As noted here, the CS500 Programming Environment does not presently include the ability to swap environments as on the XC50 (e.g. ) However, this capability will be included with the next release of the Cray CS programming environment in October.
Software Stack
The software stack on maui, maui_ancil and the Virtual Labs has been rebuilt from scratch. While all relevant software has been migrated from kupe, kupe_mp and the Virtual Labs, a few important changes have been made:
- There is now a clearer separation between the maui_ancil, and Virtual Labs (CS500) and maui (XC50) software stacks: the maui software stack only contains software needed for large jobs (e.g., XIOS and the grib_api library), while general tools and libraries (e.g., Anaconda, NCO, and Mule) can now only be found on the maui_ancil and Virtual Lab machines. This was necessary to make best use of system capabilities, such as InifiniBand file access on maui_ancil and the Virtual Labs, and to avoid single core jobs running on maui (i.e. XC50).

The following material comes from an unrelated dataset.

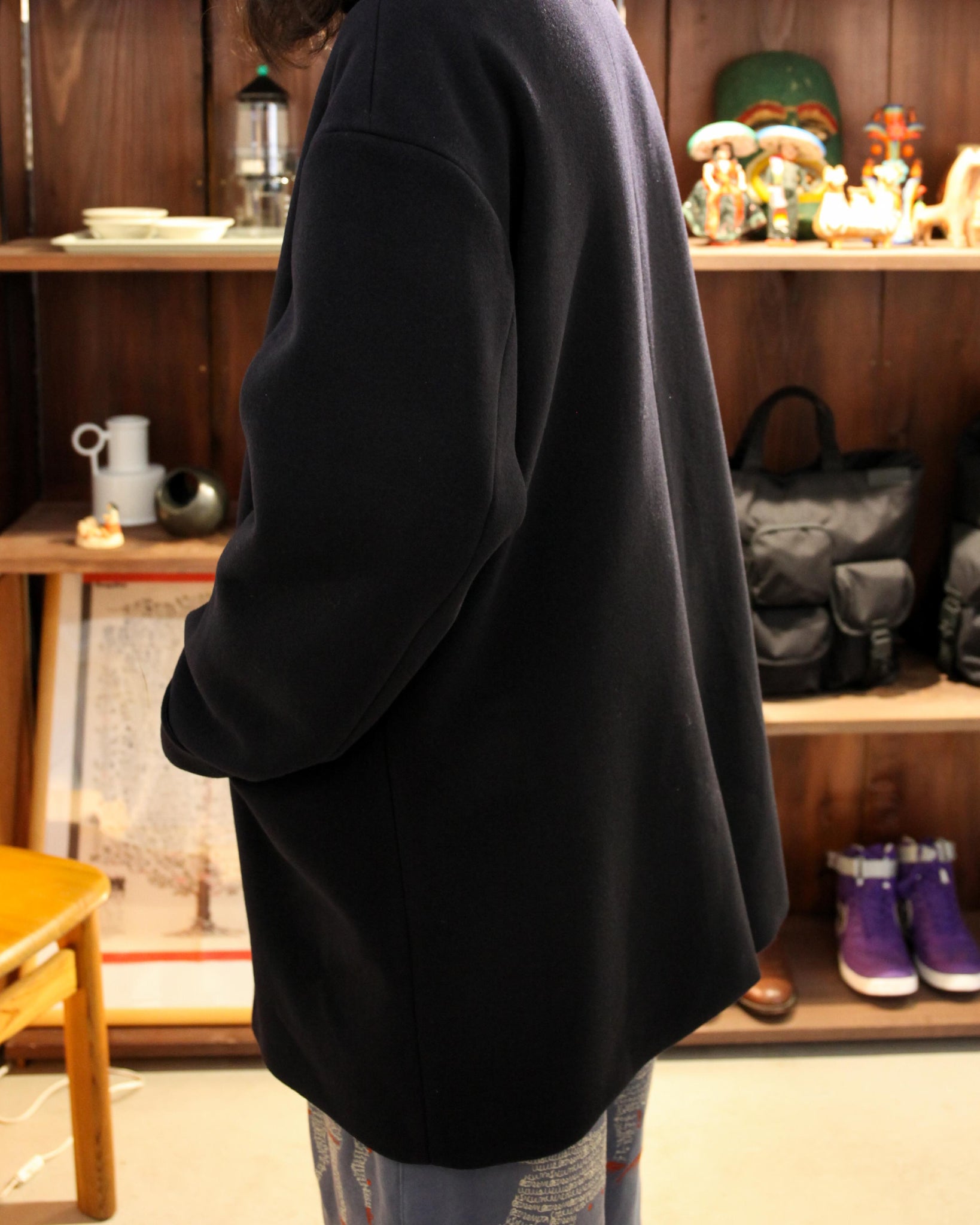 아이암 도크의 Tailor Box Coat(태즈마니아 울 더블 멜튼 체스터 코트)입니다.
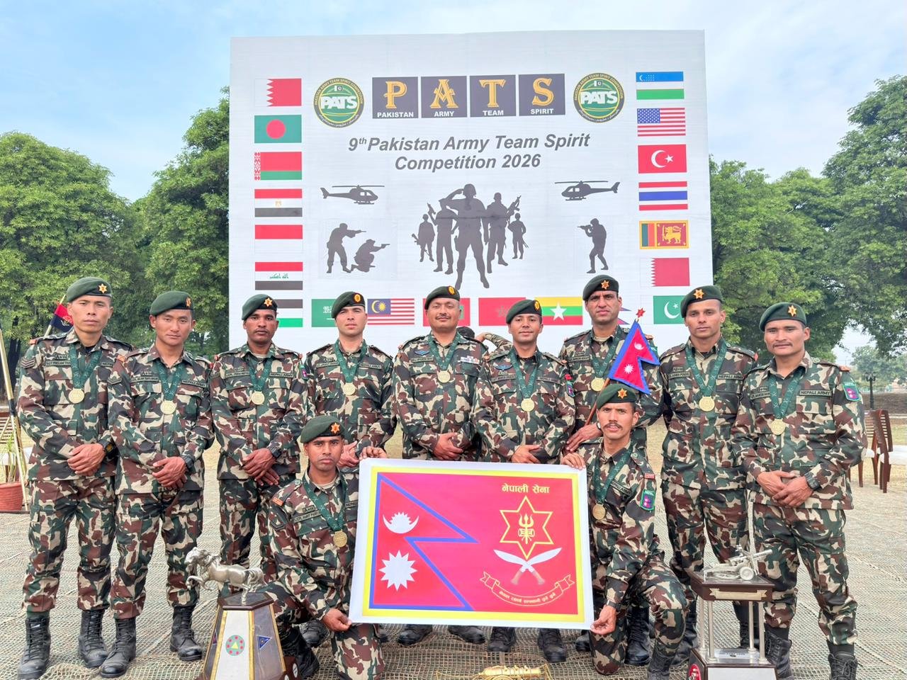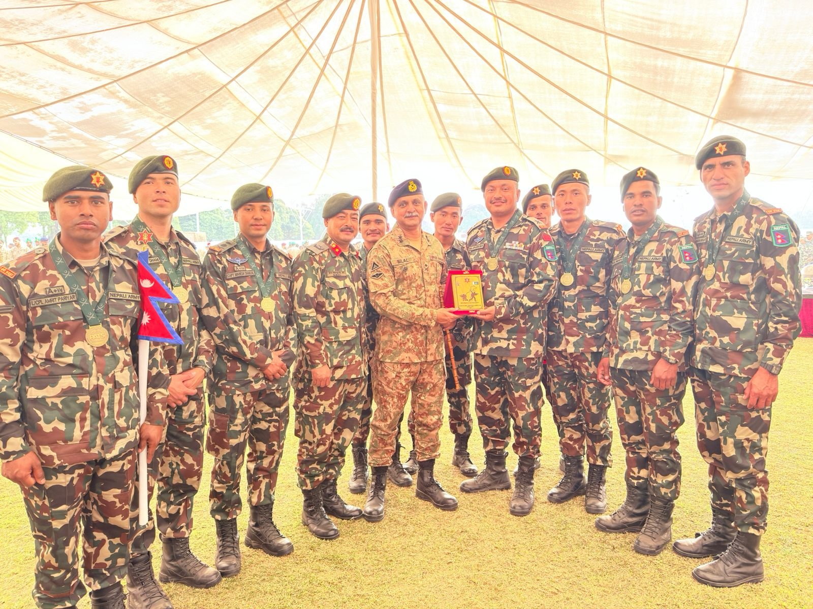 यही माघ २२ गतेदेखि २४ गतेसम्म पाकिस्तानको पञ्जाव प्रान्तको खरियाँस्थित ‘नेशनल काउन्टर टेराेरिजम सेन्टर’मा आयोजित प्रतियोगितामा सर्वोत्कष्ट अङ्कसहित स्वर्ण पदक जितेको नेपाली सेनाले जनाएको छ।

- The maui_ancil and Virtual Labs software stack now uses a more recent GNU toolchain based on GCC v7.1.0, to benefit from Intel Skylake architecture capabilities. Module names have therefore changed slightly with respect to Kupe.
- To avoid clutter, older versions of the same software have not been migrated, with the exception of NCL.
Rose and Cylc users
Maui requires users to work in their project directories on the /nesi/project
and /nesi/nobackup
file systems, personal directories are no longer available. Rose and Cylc are configured to place the "cylc-run" directory in
/nesi/nobackup/$PROJECT/$USER
So please add
export PROJECT=<your project number>
to your .profile
on Maui. You may need to reset this variable for particular sessions if you work on multiple projects.
Other Key Differences between Kupe and Maui.
For NIWA (and NeSI) users the services available on Maui are similar to those on Kupe. However, our experience with Kupe, means that we have made some changes that means you will need to adjust some of your work-habits, job scripts, and workflows.
The following tables outline the differences between the
- Kupe and Maui Cray XC50 hardware;
- Kupe and Maui Cray CS500 ancillary nodes (termed "multi-purpose" nodes on Kupe, and ancillary nodes on Maui;
- Kupe and Maui storage sub-systems;
- The Slurm partitions on kupe and maui;
- The Slurm partitions on kupe_mp and maui_ancil, and
- The virtual lab and cylc/rose services available on the two environments.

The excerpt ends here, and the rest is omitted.